Daí que, quer as arguidas nulidades, quer o pedido de reforma quanto a custas, serão todas essas questões abaixo sindicadas e decididas de uma só vez, em conferência, como fundamento do próprio recurso, até porque, no essencial, há coincidência entre o exposto na reclamação e no recurso.
De igual modo, infra também decidiremos sobre o pedido de dispensa do pagamento do remanescente da taxa de justiça.
***
III - Questões a apreciar.
a) Da arguida nulidade por excesso de pronúncia.
O artigo 615.º, n.º 1, alínea d), do CPC, dita que a sentença é nula quando o juiz “conheça de questões de que não podia tomar conhecimento”, o que é de aplicar e adaptar quando ao acórdão da 2.ª instância seja igualmente imputada tal nulidade, atento o previsto no artigo 666.º, n.º 1, do CPC, “ex vi” do artigo 140.º, n.º 3, do CPTA.
Vejamos como, no essencial, o ora Recorrente sustenta prolixamente a tese da aventada nulidade, destacando-se o seguinte excerto motivacional:
(…) 43. Em suma: em matéria de invocação de nulidade com vista à anulação de decisão judicial, há que atender aos vícios que a Q... concretamente invocou no recurso interposto para o Tribunal Central Administrativo Sul para, em função dessa delimitação da causa de pedir do recurso, se compreender o alcance do pedido.
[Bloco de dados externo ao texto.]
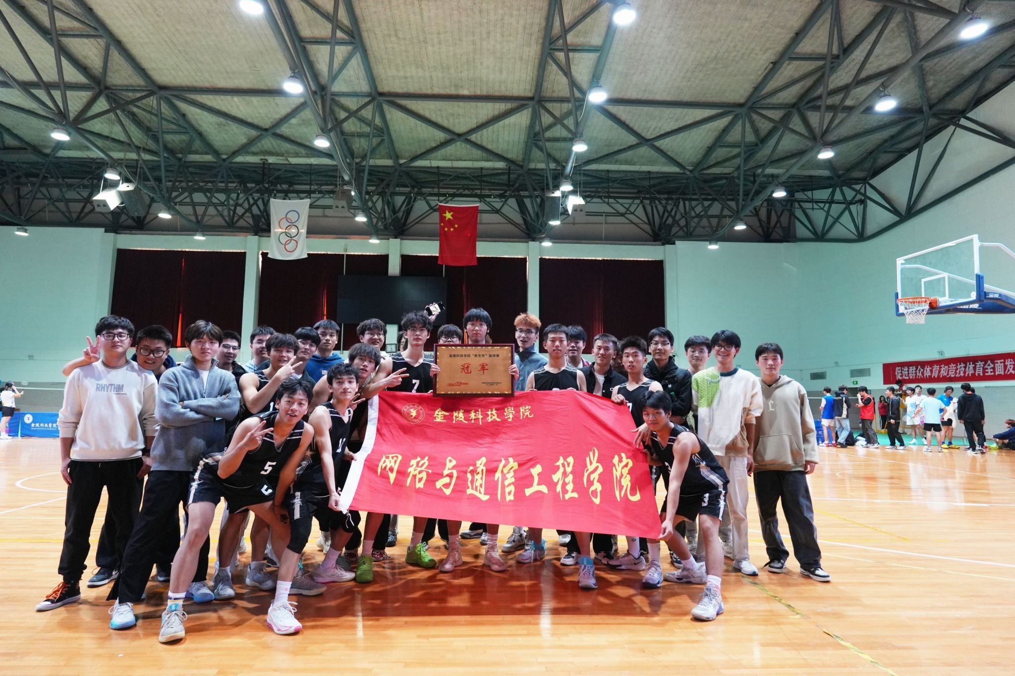 网络与通信工程学院篮球队在“新生杯”比赛中表现地非常出色,同学们凭借默契的配合、精准的投篮和顽强的防守,一路过关斩将,冲到决赛。在决赛中,面对实力强劲的对手,大家越挫越勇,始终保持着冷静和自信,最终战胜对手,站上了冠军的领奖台。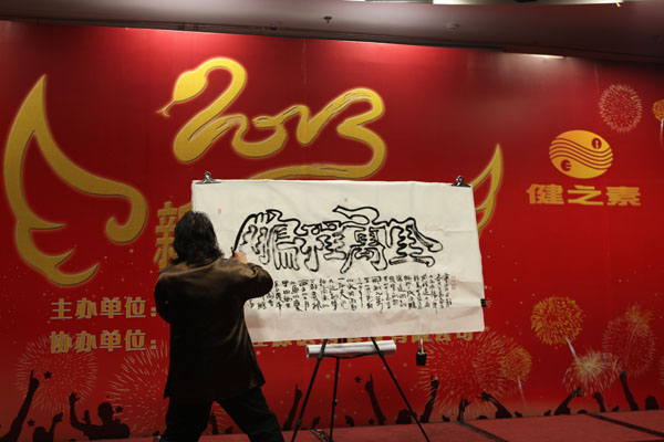 才藝達人秀,一邊傾情獻歌,一邊創(chuàng)作書法。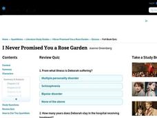 In this online interactive reading comprehension worksheet, students respond to 25 multiple choice questions about Joanne Greenberg's I Never Promised You a Rose Garden. Students may submit their answers to be scored.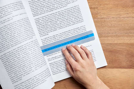 Unrecognizable young person studying with the help of a colored reading ruler, an educational tool that helps people with dyslexia read more easily.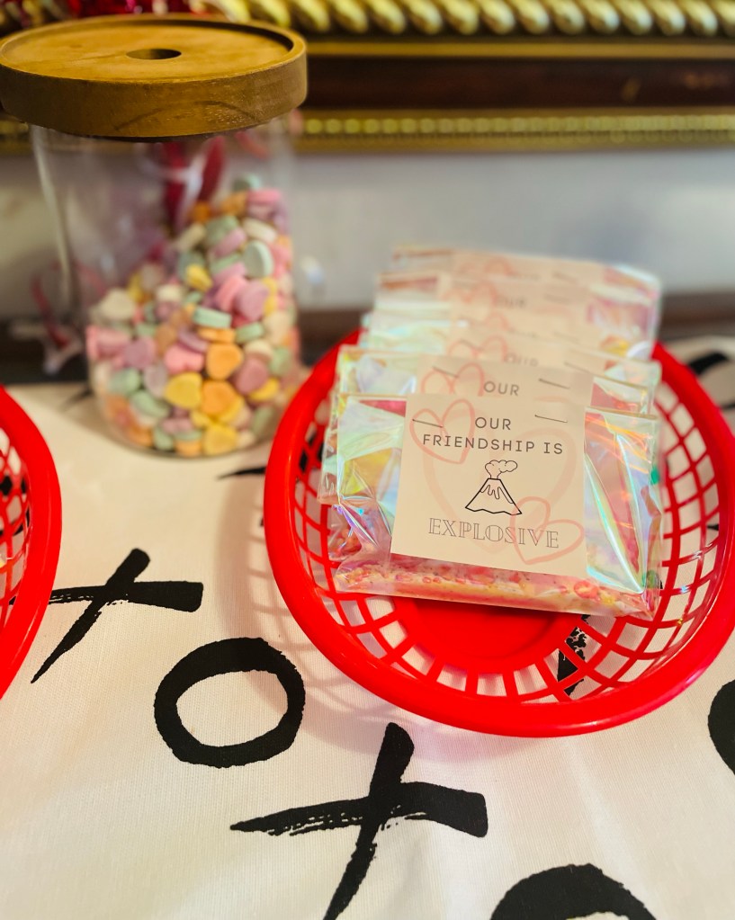 For valentines, we handed out the bag above. The handout is available for less than for $1 through this download. We put this download on front of party bags and filled the bags with baking soda and sprinkles so that the children can have an easy go to science experiment when they get home!

44. É este o reflexo de as questões a resolver, a que se referem os artigos 608.º, n.º 2, e 615.º, n.º 1, alínea d), segunda parte, do Código de Processo Civil (aplicável em sede de recurso, nos termos acima enunciados), resultarem do binómio pedido causa de pedir (...)
45. Tendo a Q... delimitado a nulidade indireta que invocou (nos termos do artigo 195.º, n.º 1, do Código de Processo Civil) à omissão de notificação para identificação dos contrainteressados, nos termos do artigo 114.º, n.º 5, do Código de Processo nos Tribunais Administrativos (cfr. a conclusão 16 do seu recurso), i.e., aquando do despacho liminar, era esta a única questão que o Tribunal Central Administrativo Sul podia decidir.
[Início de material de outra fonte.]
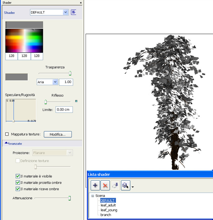 Non ci rimane che andare a selezionare il materiale Leaf_Adult e cliccare sul pulsante Modifica. Nella nuova finestra che si apre cliccate sul pulsante Aggiungi e selezionate la texture EFEU1 impostando i parametri come mostrato nella figura sottostante: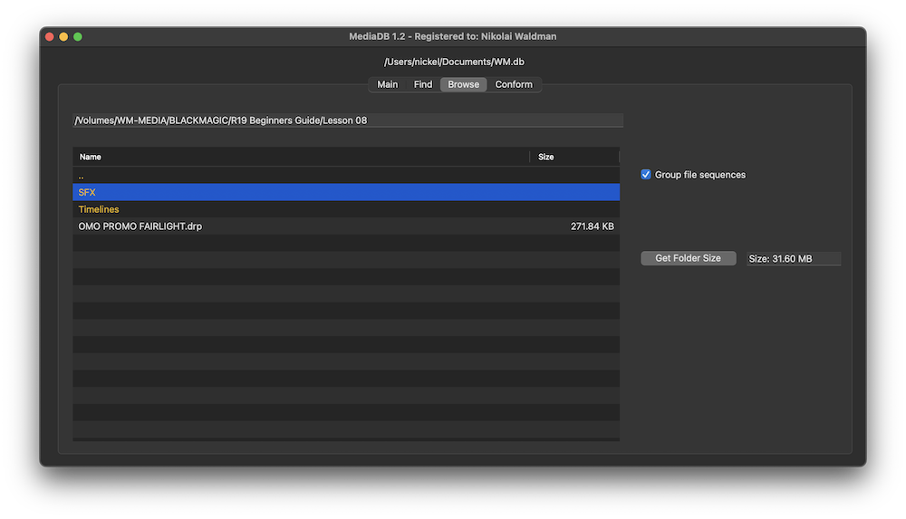 MediaDB is an essential tool for small post production houses and freelancers who work with large quantities of hard drives and discs. The app helps create a database of all the hard drives and files in use. It allows you to search for files and browse directory trees while the drives are offline. MediaDB can also be used to create an RCP file for DaVinci Resolve from an EDL during the film conforming process.

46. Inversamente, a Q... não alegou ou concluiu que, em qualquer circunstância, mesmo após o momento do artigo 114.º, n.º 5, do Código de Processo nos Tribunais Administrativos e a prolação do despacho liminar a que se refere o respetivo artigo 116.º, o Tribunal de primeira instância devesse notificá-la para suprir a falta de identificação de contrainteressados.
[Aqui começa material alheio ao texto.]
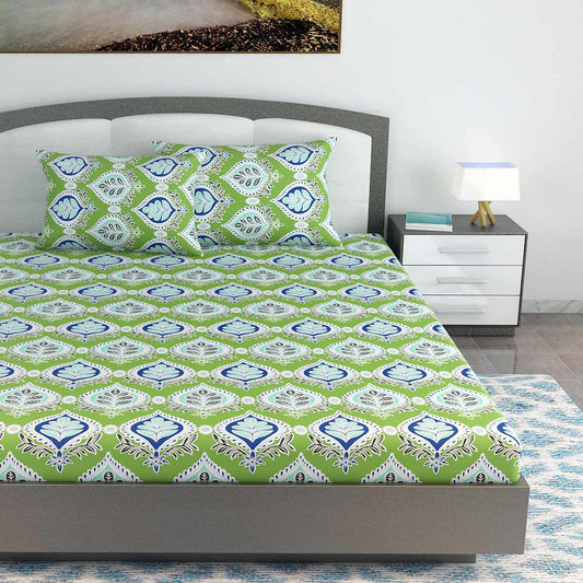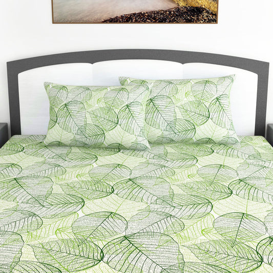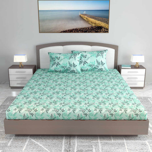 Lady Fern Floral 100% Cotton Bedsheet for King Size Bed - Green

Ou seja, não constituiu causa de pedir do recurso qualquer omissão processual ocorrida após o despacho liminar a que se refere o artigo 116.º do Código de Processo nos Tribunais Administrativos. Não constituindo causa de pedir, também não consubstancia uma questão que o Tribunal a quo pudesse decidir. Até porque, conforme resulta claro dos artigos 195.º e 196.º do Código de Processo Civil, as nulidades previstas no artigo 195.º não são de conhecimento oficioso.
47. Sucede que, analisado o douto Acórdão proferido, o Tribunal a quo pronunciou-se sobre ambas, i.e. (i) sobre a nulidade assacada pela Q... e (ii) sobre a nulidade não invocada pela Q..., relativa a um suposto dever de, mesmo após a prolação de despacho liminar a que se refere o artigo 116.º do Código de Processo nos Tribunais Administrativos, o Tribunal notificar a requerente/recorrente para suprir a falta de identificação de contrainteressados.
(…)
51. As duas primeiras conclusões correspondem à questão que foi colocada ao Tribunal a quo. A terceira conclusão corresponde à resolução de uma questão que não consta do objeto do recurso e que, logo, o Tribunal Central Administrativo Sul não podia conhecer.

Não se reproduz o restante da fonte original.